In minimally invasive surgery, there have been some studies done as early as around 2009. Behrens et al. [10] demonstrated the mosaicing of endoscopic bladder images from a sequence video using SIFT. After that, they developed a multithreaded image-mosaicing algorithm using SURF to perform the mosaicing of bladder images in real time [11]. Iakovidis et al. [12] proposed a novel method for automatic image stitching for efficient visualization using conventional wireless capsule endoscopy videos based on SURF. Recently, Yang et al. [13] proposed a scene-adaptive features-based approach for the mosaicing of placental vasculature images obtained during computer-assisted fetoscopic procedures using SURF.

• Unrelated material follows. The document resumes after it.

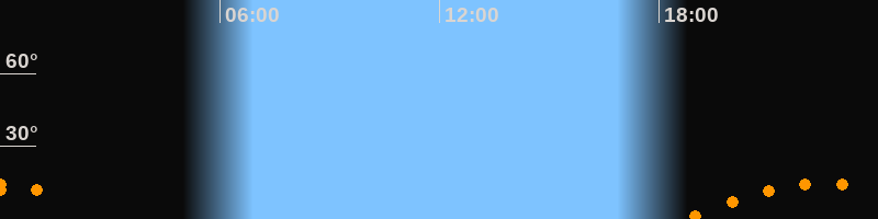 | Aufgang | 18:44 Uhr im Südosten (αAz = 130,4°) |
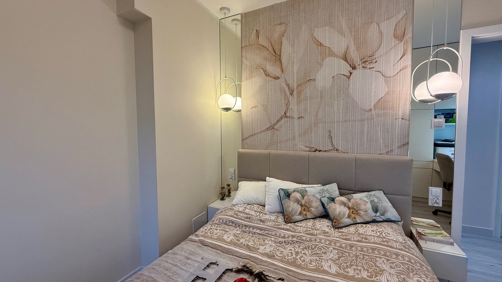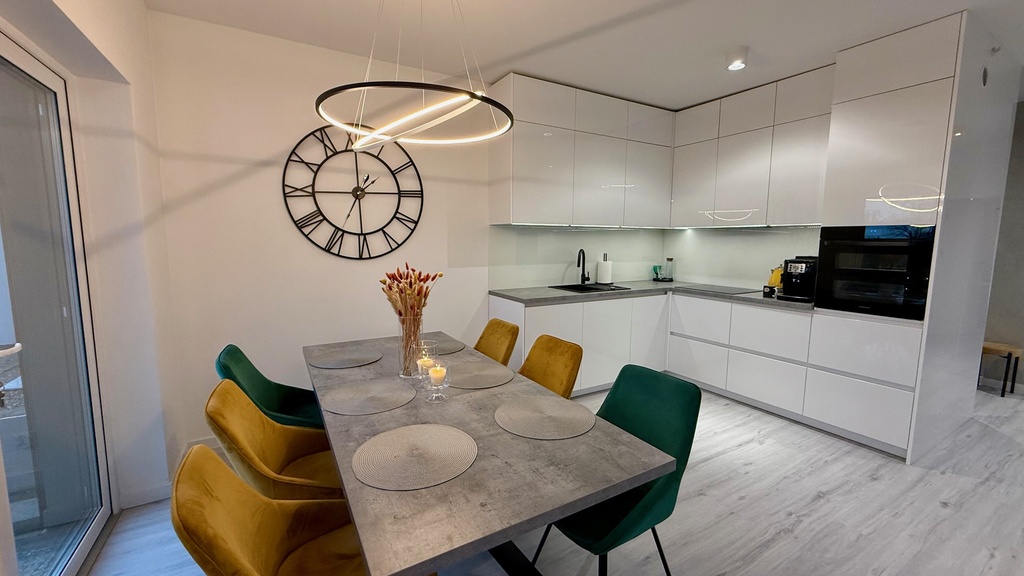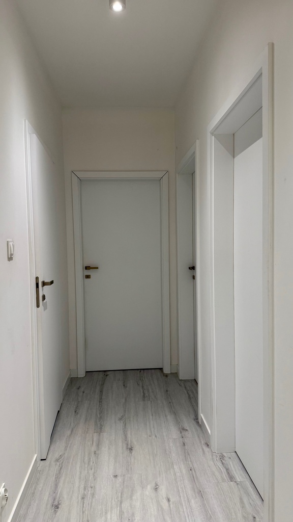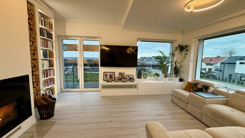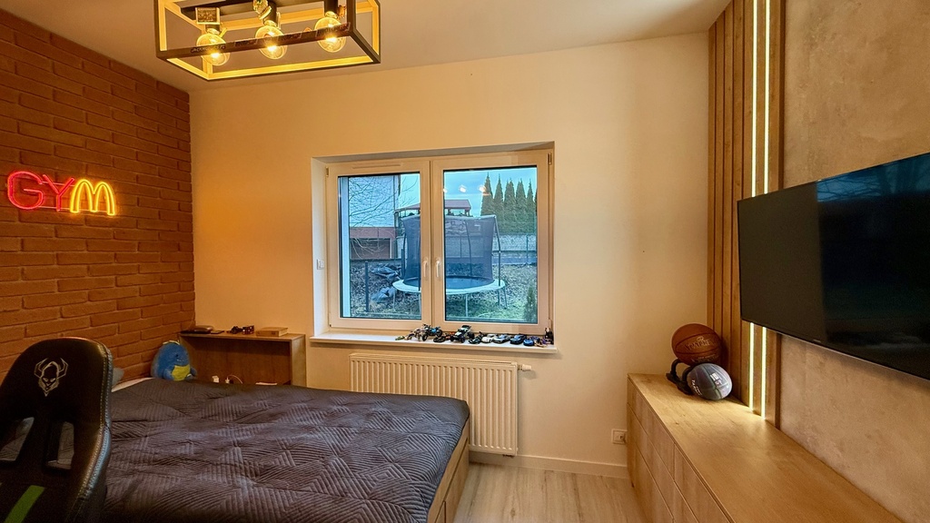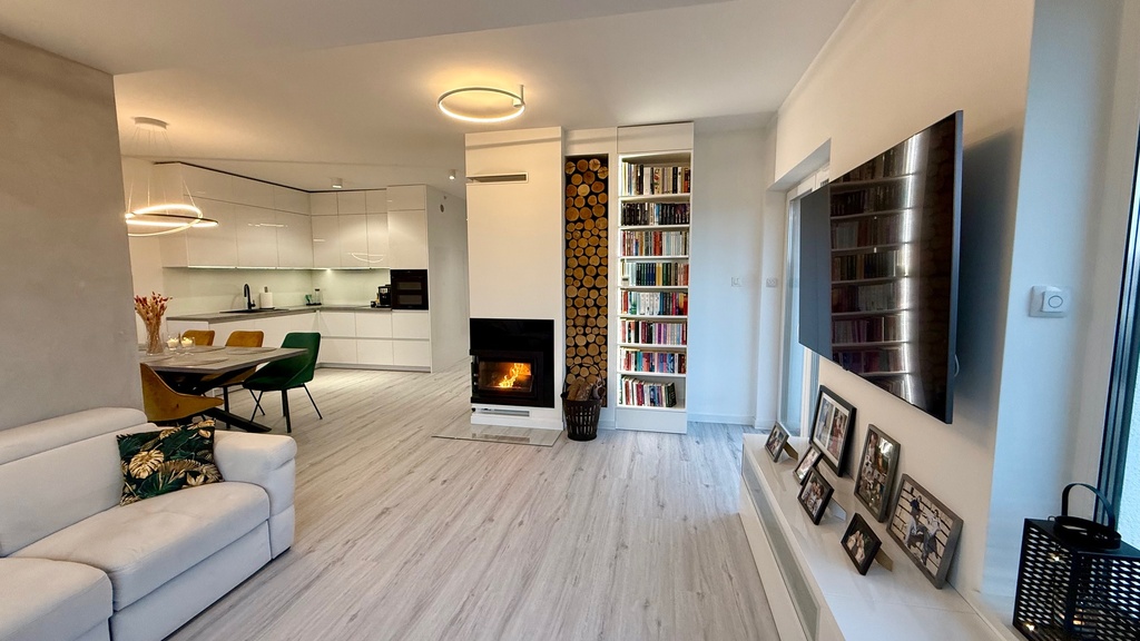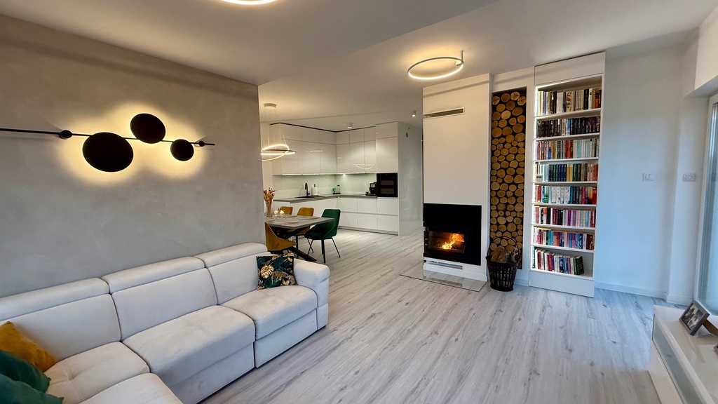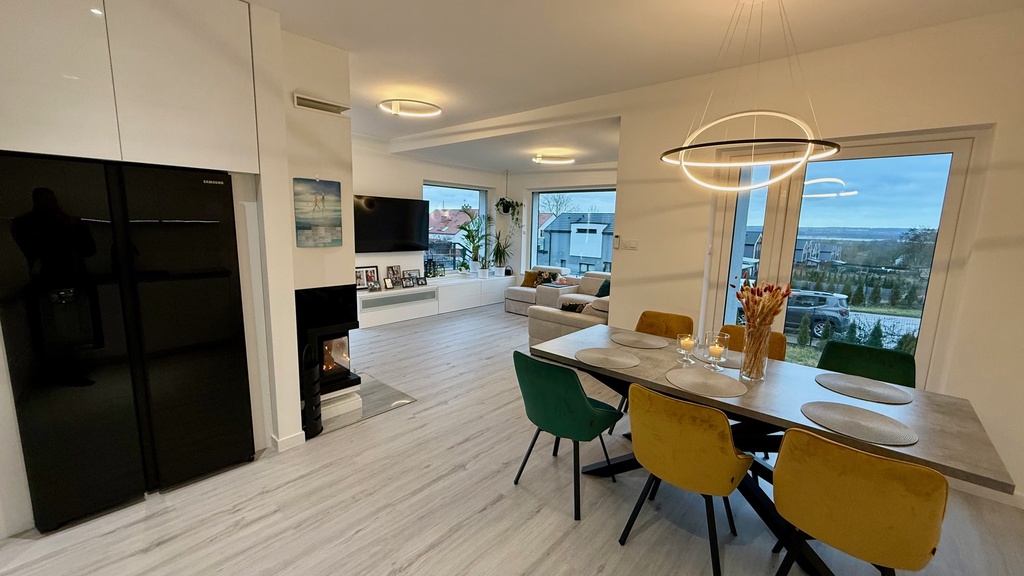 Salon z kuchnią i jadalnią 35,66m2 na podłodze panele winylowe. Sypialnia 12.99m2 wraz z garderobą, pokój gościnny 11,27m2, pokój dziecka 10,63m2.

In the development of technologies of the image-guided surgeries, the issue of image registration is most concerned, especially in gastroscopic surgeries. Pioneers have tried to make the images of the target organs fixed on the display screen and expand the field of vision (FOV) of the endoscope. Liu et al. [14] has built up a panoramic view for gastroscopy. They utilized a tracking device according to the image from a single-camera gastroscope with a dual-cubic projection method to create both local and panoramic views at the same time. In 2016, Hu et al. [15] proposed a robust technique for image registration which was named as homographic patch feature transform for sequential gastroscopic images. Both techniques would make the gastroscopy easier to handle and safer in gastroscopic surgeries.

Thus, image mosaicing is gradually being applied in medical applications, and the feasibility and assistive nature of the technique with respect to clinical applications have been explored widely. However, image mosaicing is limited to the compositing of images with small fields of view, such as those of blood vessels and urethras. Moreover, in all the studies described above, the image sequences mosaiced were obtained from a single moving endoscopic camera. This can yield only panoramic static images that do not reflect the changes that may occur in the shape of the organs or blood vessels being imaged outside the field of vision (FOV). Therefore, it is difficult to apply the technique during laparoscopic surgery, wherein the position and shape of the internal organs change frequently.

To solve this problem, we had proposed an MIS panoramic endoscope (MISPE) [16, 17] that is based on the use of two endoscopic cameras. The MISPE provides the surgeon with panoramic images that show the surgical area in its entirety and reflect the changes in the FOV owing to the use of two cameras. In this MISPE system, we found the image quality and speed of stitching needed to be improved for practical applications. To improve the quality of the mosaiced images, in this study, we use the graph-cut technique [18] in order to prevent moving objects from appearing in the overlap area. Moreover, we also use the multiband blending method [19] to smoothen the stitching results. Finally, to improve the image-stitching performance of the MISPE, we propose using the region of interest (ROI) in combination with the downsizing technique.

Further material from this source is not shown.